Ottawa has had 21 years, since the Supreme Court of Canada’s Marshall decisions in late 1999, to negotiate moderate livelihood fishery agreements with First Nations. But here we are, in 2020, with no such deals having yet been struck with a number of Nova Scotia Mi’kmaw bands, including the Sipekne’katik.

No one should fault the Aboriginal side for being fed up with waiting and instead going ahead and setting up their own moderate livelihood fisheries management plans.

Commercial lobster fishers also have good reason to be fed up with Ottawa. They’re frustrated, they say, that longstanding complaints about illegal lobster catches and sales have largely gone unpunished by the Department of Fisheries and Oceans. The alleged culprits are unproven, though there are plenty of accusations.

When Sipekne’katik fishers started dropping lobster traps out of season in mid-September, the commercial side decided to take matters into their own hands.

Regardless of rationale, however, there’s simply no justification for vigilantism. The violence, threats and provocations — including reports of flares being shot at people, attempted boat rammings, trap lines being cut and wharfside physical altercations — must end before someone gets seriously hurt.

The priority — besides ensuring everyone’s rights are being respected — should be conservation. No one wants to see the stock decimated. But it’s hard to take seriously that a Mi’kmaw moderate livelihood lobster fishery that permits a total of 350 traps in St.
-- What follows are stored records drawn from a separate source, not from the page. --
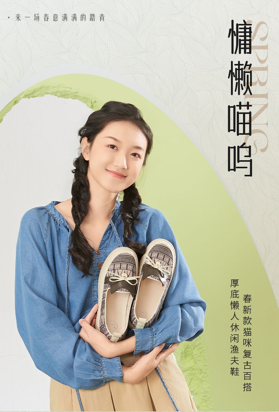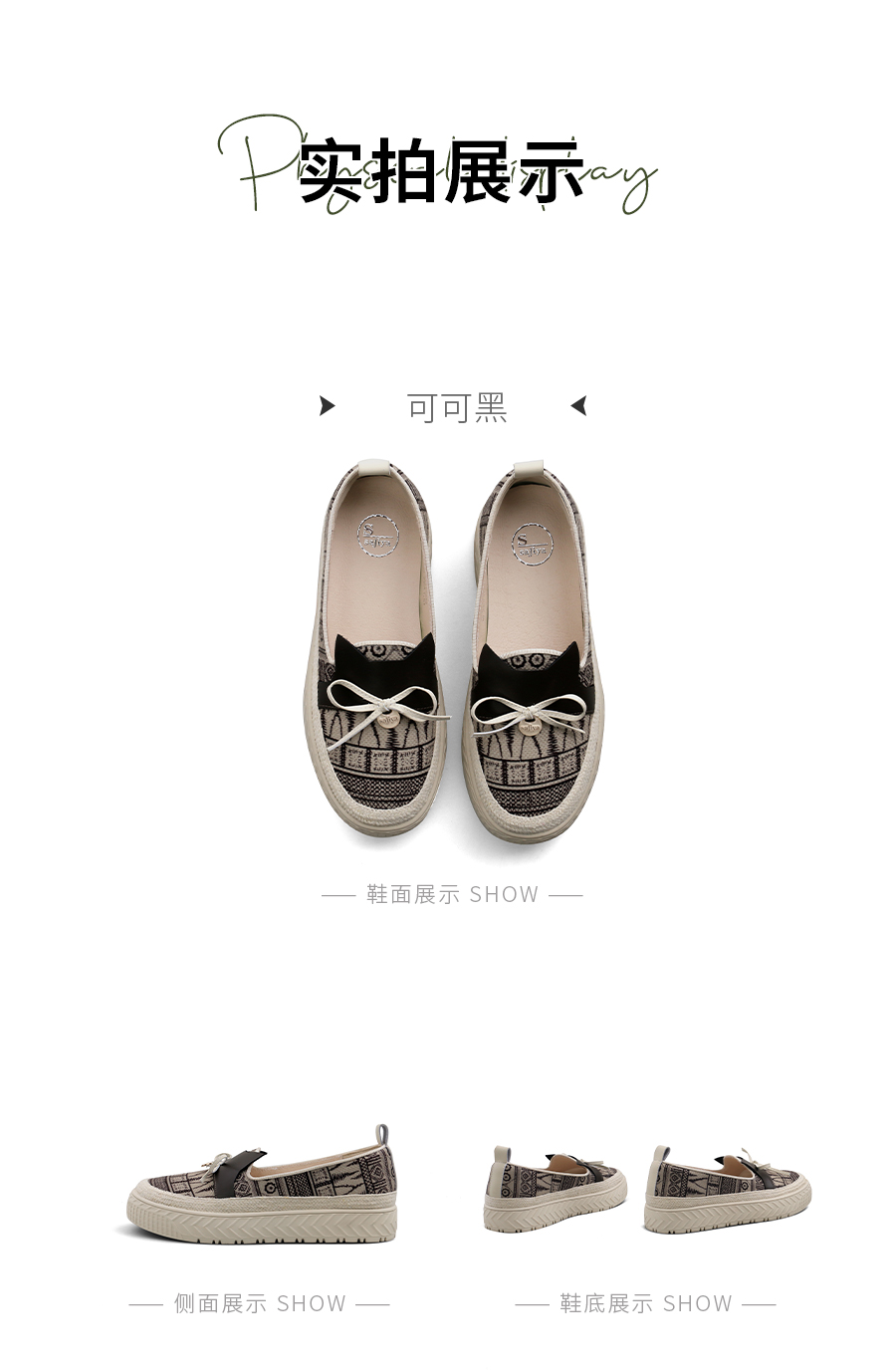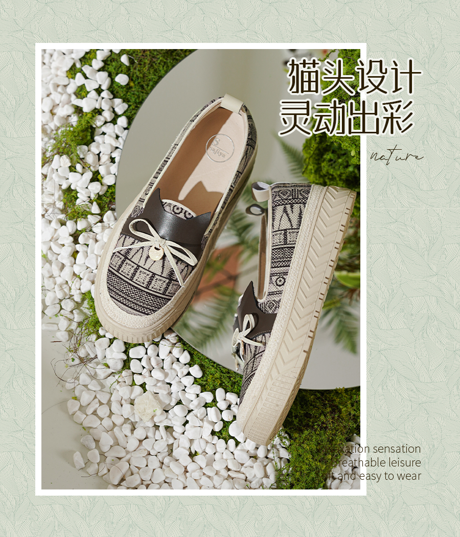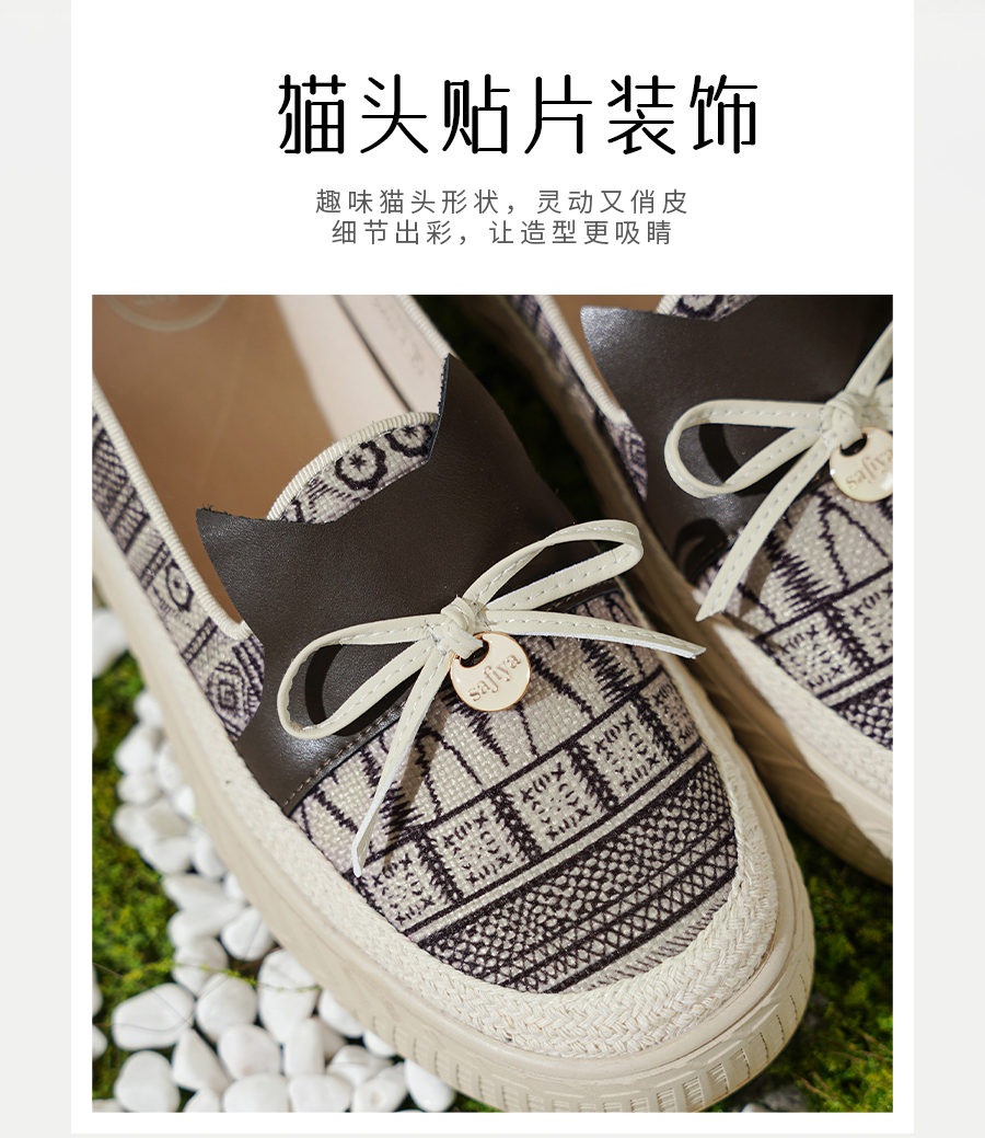 Safiya/索菲娅2025春新款猫咪复古百搭厚底懒人休闲渔夫鞋 SFD1112243
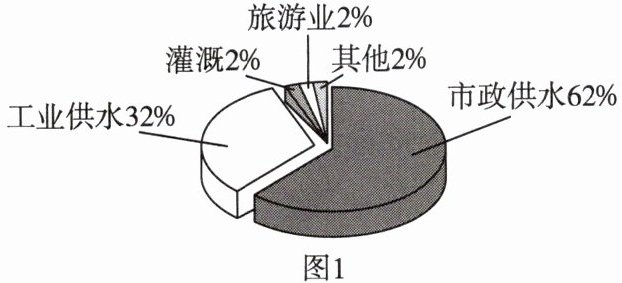 地球是一个美丽的“水球”,表面约 71%被水覆盖,淡水仅约占总水量的 2.5%;其余是咸水。海水淡化是解决人类淡水资源短缺的有效措施。全球海水淡化水用途如图 1 所示。
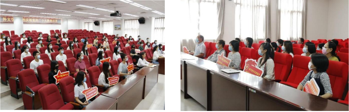 党的二十大前承非凡十年的非凡功绩,后启全面建设社会主义现代化国家新征程,科学谋划了未来5年党和国家事业发展的目标任务和大政方针,具有重要意义。习近平总书记的报告振奋人心、鼓舞斗志,极大地统一思想、凝聚力量。在聆听习近平总书记的报告后,外文学院党委召开学习贯彻党的二十大精神座谈会,与会师生踊跃发言,畅谈感想,现场气氛十分热烈。
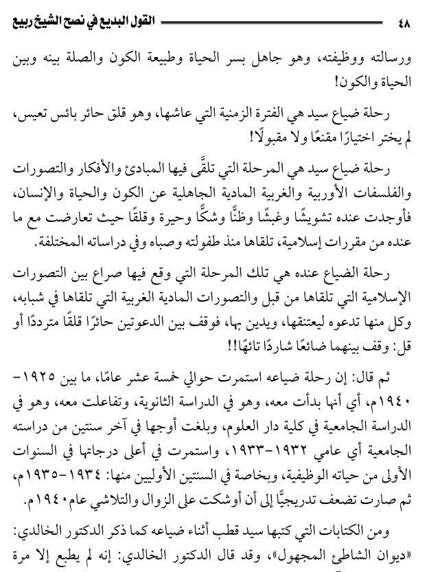 Уважаемый член комитета старейших, а также член Ляджны, шейх Бакр Абу Зейд, тоже обратил внимание на то, что Раби’ приписывает Сейид Къутбу старые его взгляды, зная, что Сейид оставил их.
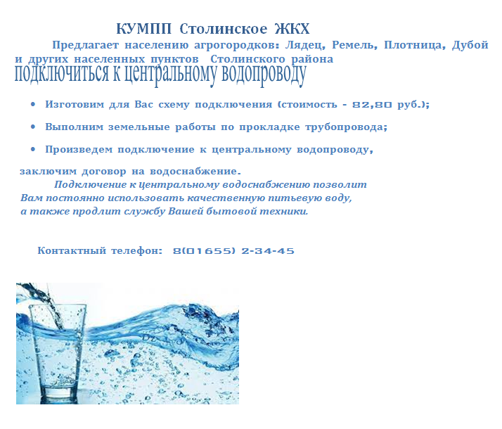 Предлагаем населению Столинского района подключиться к центральному водопроводу
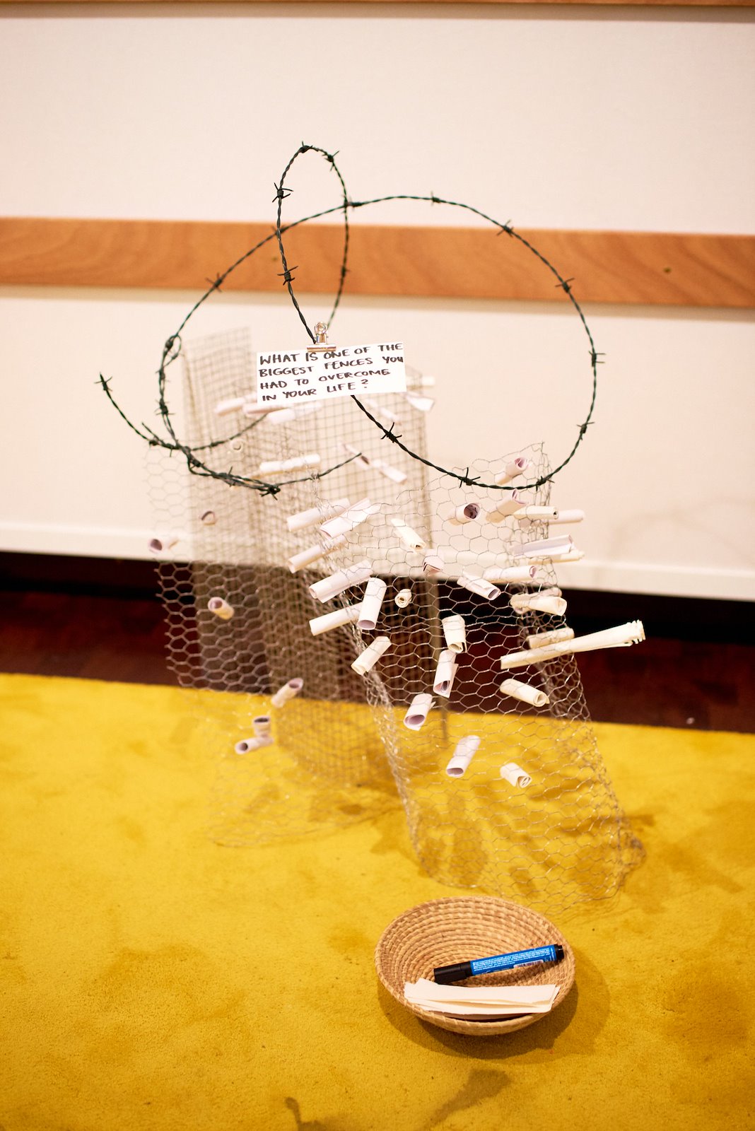 Het programma dat de Embassy of Inclusive Society tijdens DDW 2022 presenteerde, was dan ook niet gericht op het tonen van oplossingen, maar in de eerste plaats op het aanreiken van gereedschappen voor een het proces van leren en ontleren en sensitiviteit voor inclusie. De Embassy, die dit jaar haar plek had in het Van Abbemuseum, presenteerde een sterk inhoudelijk programma met onder meer workshops, dialoogsessies, performances, een symposium en kunst- of designinstallaties die de bezoeker ervaringen moesten geven. “Inclusiviteit kun je niet benaderen door gewoonweg projecten te laten zien”, legt de conservator uit. “Dan wordt het consumeren van het tentoongestelde. Tegelijkertijd vraagt een inhoudelijk programma tijd van de bezoeker, en dat vinden veel mensen bij zo’n groot evenement als DDW moeilijk. Daarom hebben we ook nagedacht over we ook die bijvoorbeeld die workshops ook als ruimtelijk interessant konden presenteren.”
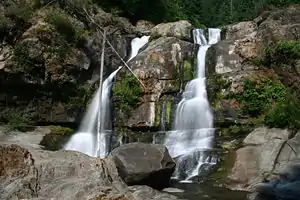 The South Fork Coquille River has two major waterfalls, situated in a steep and remote canyon just upstream of the first major northward bend of its course. These are the 35-foot (11 m) Upper Coquille River Falls,[7] and the much larger 110-foot (34 m) Coquille River Falls.[8]
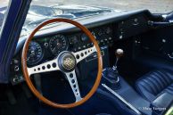Jaguar E-type 4.2 Litre FHC (Fixed Head Coupé) serie 1.5, bouwjaar 1968. Kleur ópalescent blue metallic' met een blauw lederen interieur. Deze fantastische Jaguar E-type werd uitvoerig gerestaureerd, sublieme topstaat. Deze auto werd nieuw verkocht in Dallas, Texas, USA.
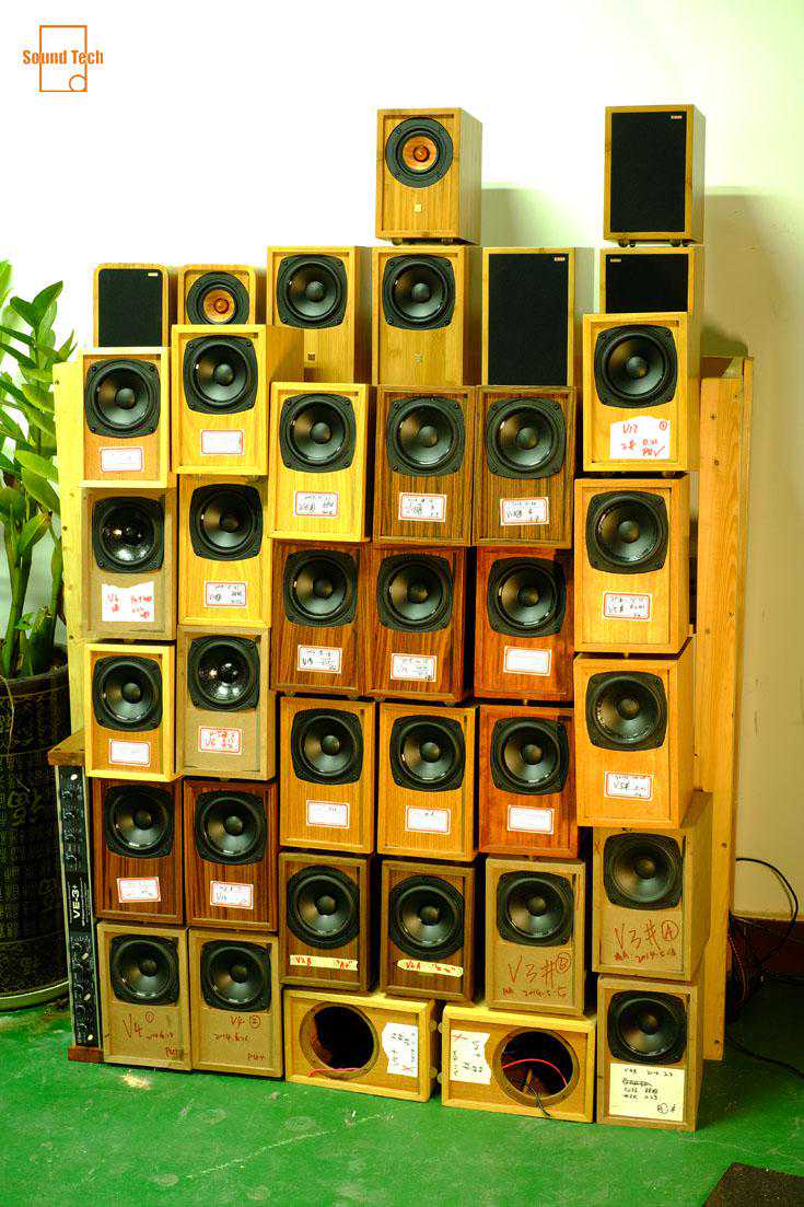 但是,MC14的那只喇叭并非样子货。声技为这只喇叭单元的改进花费了二年多的时候,MC13的原型箱就是用的这只木振膜,但声技老大一直不满意,后面又改成3寸的木振膜再来,然后不满意改成现在的单元。下面这一堆是MC13、14研发时的炮灰。但声技一直没有放弃这只4寸木振膜,据说这只单元的中频让人非常满意,差的只是高频和瞬态。为此更改过很多版本,最后的版本声技很满意。这只喇叭单元也有用于出口,被一个国外音箱品牌做成了一只售价6000人民帀的全频音箱。
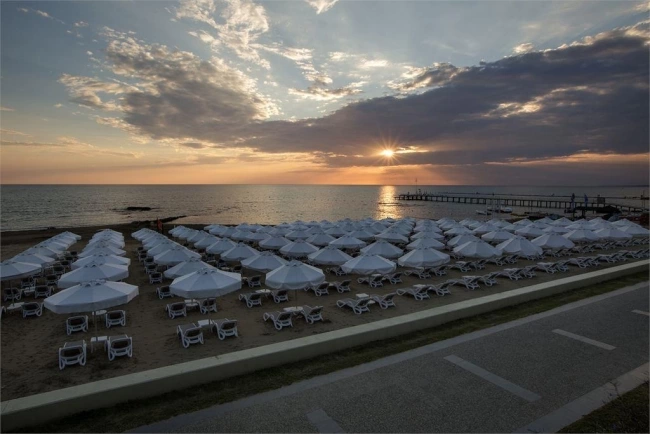 В 200 м від готелю. Між готелем і пляжем проходить променад. Є сервіс до пляжу. Протяжність пляжу – 150 м.
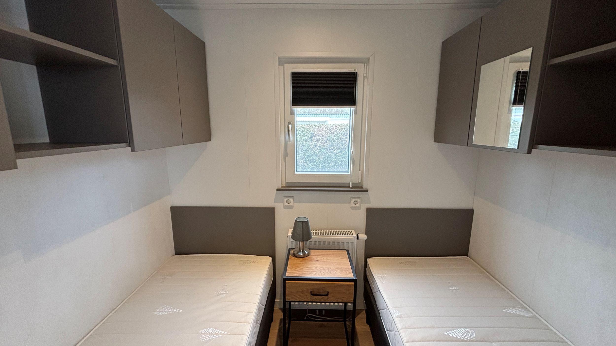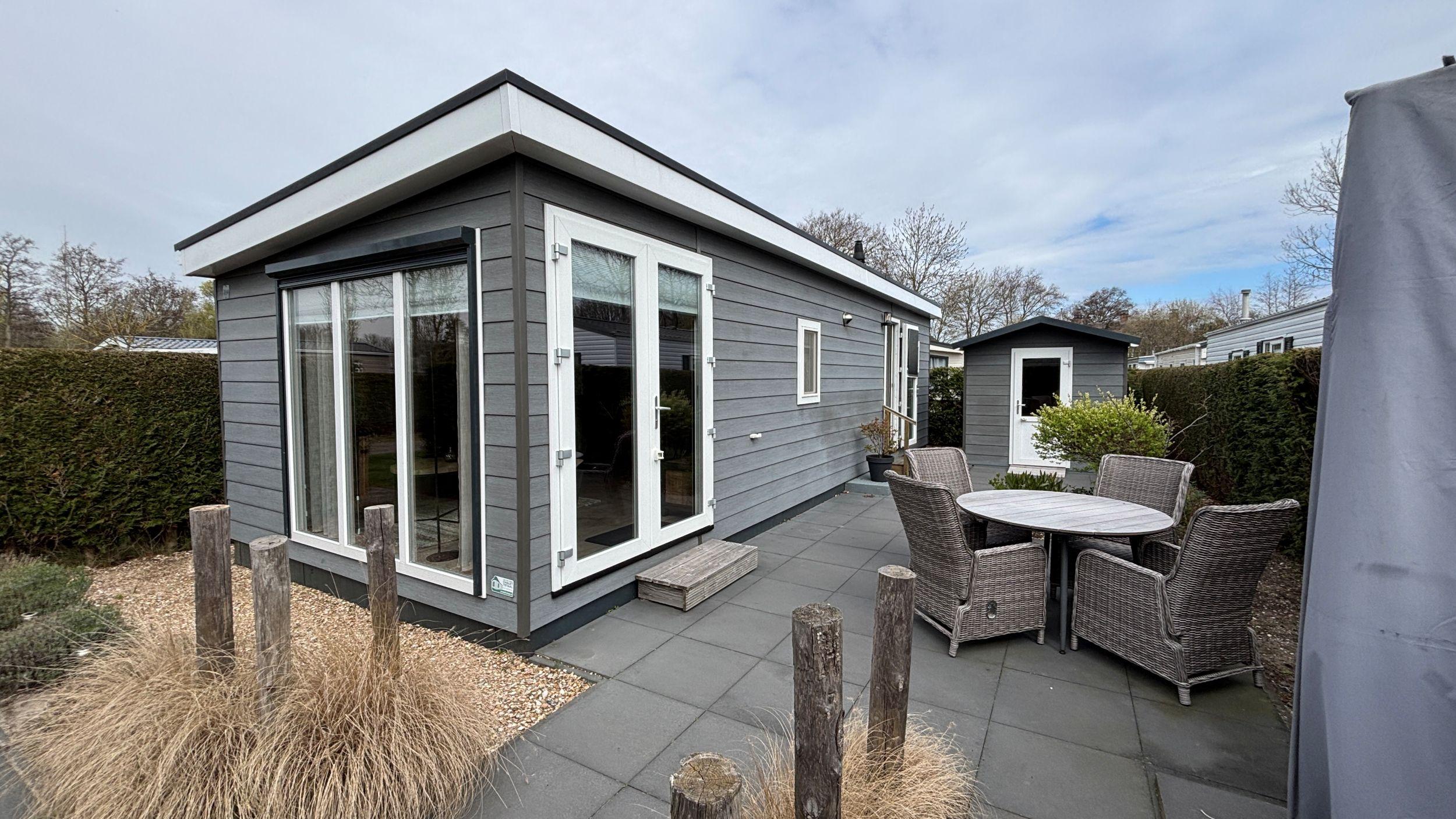 Een indrukwekkend chalet met mooie raampartijen zodat er volop genoten kan worden van de fijne kavel. De keuken is voorzien van een ingebouwde koelkast en vriesvak, inbouw combi-magnetron, een vaatwasser en voldoende kastruimte. Het chalet heeft 2 slaapkamers met inbouwkasten en een luxe badkamer. Het chalet wordt verkocht met het complete inventaris. Van bestek, de luxe meubelen tot aan het tuingereedschap en tuinmeubelen aan toe. Wat ook erg fijn is, is dat het chalet voorzien is van horren en een zonnescreen aan de kopse kant. De tuin ligt perfect op de zon en is eenvoudig te onderhouden.

Marys Bay at this time of year is somehow a menace to sustainability, especially when there are more than 1,000 commercial lobster licences in the area, each allowed up to 400 traps when the season opens in November.

If a native band and DFO cannot come to an agreement about what a moderate livelihood fishery would look like, the issue may conceivably end up back in the courts. But the Supreme Court urged this issue be negotiated, not litigated.

Ottawa should quit dawdling until tensions blow the lid off of situations — creating dangerous conditions and setting back reconciliation efforts between Aboriginals and non-Aboriginals — and get serious about concluding moderate livelihood fisheries deals with First Nations groups that have shown commendable patience.

That includes disputes in other parts of Atlantic Canada.

The federal government should also listen to commercial fishers and beef up enforcement of illegal fishing activity occurring outside regulated seasons or specific deals with native bands.

Everyone needs to accept that the Mi’kmaq have treaty rights to a moderate livelihood fishery, and it’s the business of DFO and native bands — and no one else — to define what that looks like. With conservation explicitly the lodestar for both sides, we should all be able to live with the results.